Irritierend ist auch die Haltung der Landes- und Kreis-SPD. Sie kreidet Michael Mang an, dass er vor der Abstimmung über seine Abwahl mit allen Parteien und damit auch mit der AfD gesprochen hat. Das hatte er vorher angekündigt. Es war auch sein gutes Recht. Dabei sollte die SPD wissen, dass viele Kommunalparlamente in dieser Republik handlungsunfähig wären, wenn auf örtlicher Ebene nicht mit AfD-Vertretern gesprochen würde.
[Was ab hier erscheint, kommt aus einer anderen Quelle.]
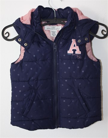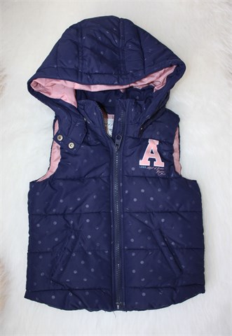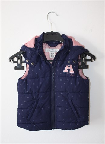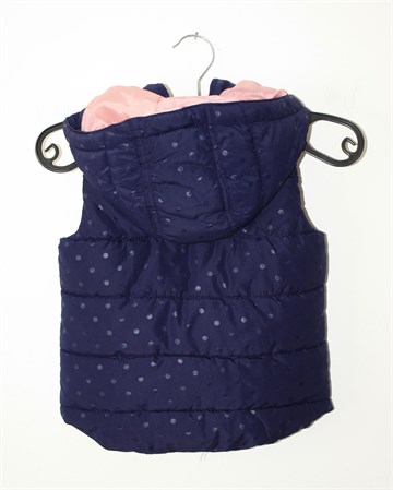 H&M L.O.G.G. prsluk/jakna bez rukava plave boje sa točkastim uzorkom. Prednji cif, bočni džepovi. Odvojiva kapuljača (kopča se sa drukerima), cijela debelo podstavljena (poliestersko punjenje). Unutrašnjost je roze boje.

Die SPD kann kaum befürworten, dass ihr eigener Mann allein mit Hilfe der AfD aus dem Amt gekegelt wird. Was hat die AfD im Neuwieder Stadtparlament getan? Weil sich die Fraktion nicht in Luft auflösen konnte, hat sie sich der Stimme enthalten.
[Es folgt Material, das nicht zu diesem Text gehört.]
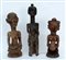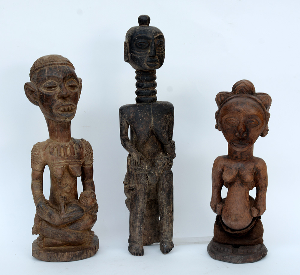 Arte africana, lotto di tre sculture in legno con figure di maternità, una con inserto in tessuto (h max cm 48) (difetti)
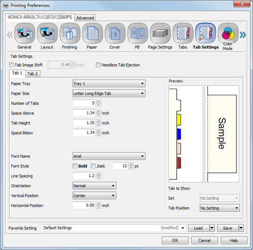 [Tab Height] | 2.5 mm to 297 mm (For A4 Long Edge Tab) 2.5 mm to 279.4 mm (For Letter Long Edge Tab) | Input the value for [Tab Height]. The maximum value for the height is the value when [Space Above] and [Space Below] are 0 mm. The maximum value that can be specified changes according to the values of [Space Above] and [Space Below]. |

Ärgerlich ist in der Causa Mang auch der Umgang mit der Öffentlichkeit. Es werden Allgemeinplätze und unbewiesene Behauptungen in den Raum gestellt, gepaart mit persönlichen Verunglimpfungen. Dies, obwohl sich bereits Gerichte mit den Anschuldigungen gegen Mang beschäftigen. Es kann dahingestellt bleiben, ob es politisch klug ist, sich an das Bürgermeisteramt zu klammern. Darum geht es allerdings nicht. Es geht allein darum, dass die Öffentlichkeit darüber umfassend informiert werden muss, welche sachlichen und erheblichen Gründe für die Abberufung des Bürgermeisters maßgebend sind. Daran fehlt es bislang. Dass aus beamtenrechtlichen Gründen eine Offenheit von beiden Seiten schwierig ist, das musste auch der CDU-Fraktionsvorsitzende wissen. In Kenntnis dessen hätte Hahn sein Krähen zumindest so lange unterdrücken müssen, bis gerichtliche Entscheidungen vorliegen.
Leserbrief von Claus Kopinski, Neuwied/Frankfurt a.M.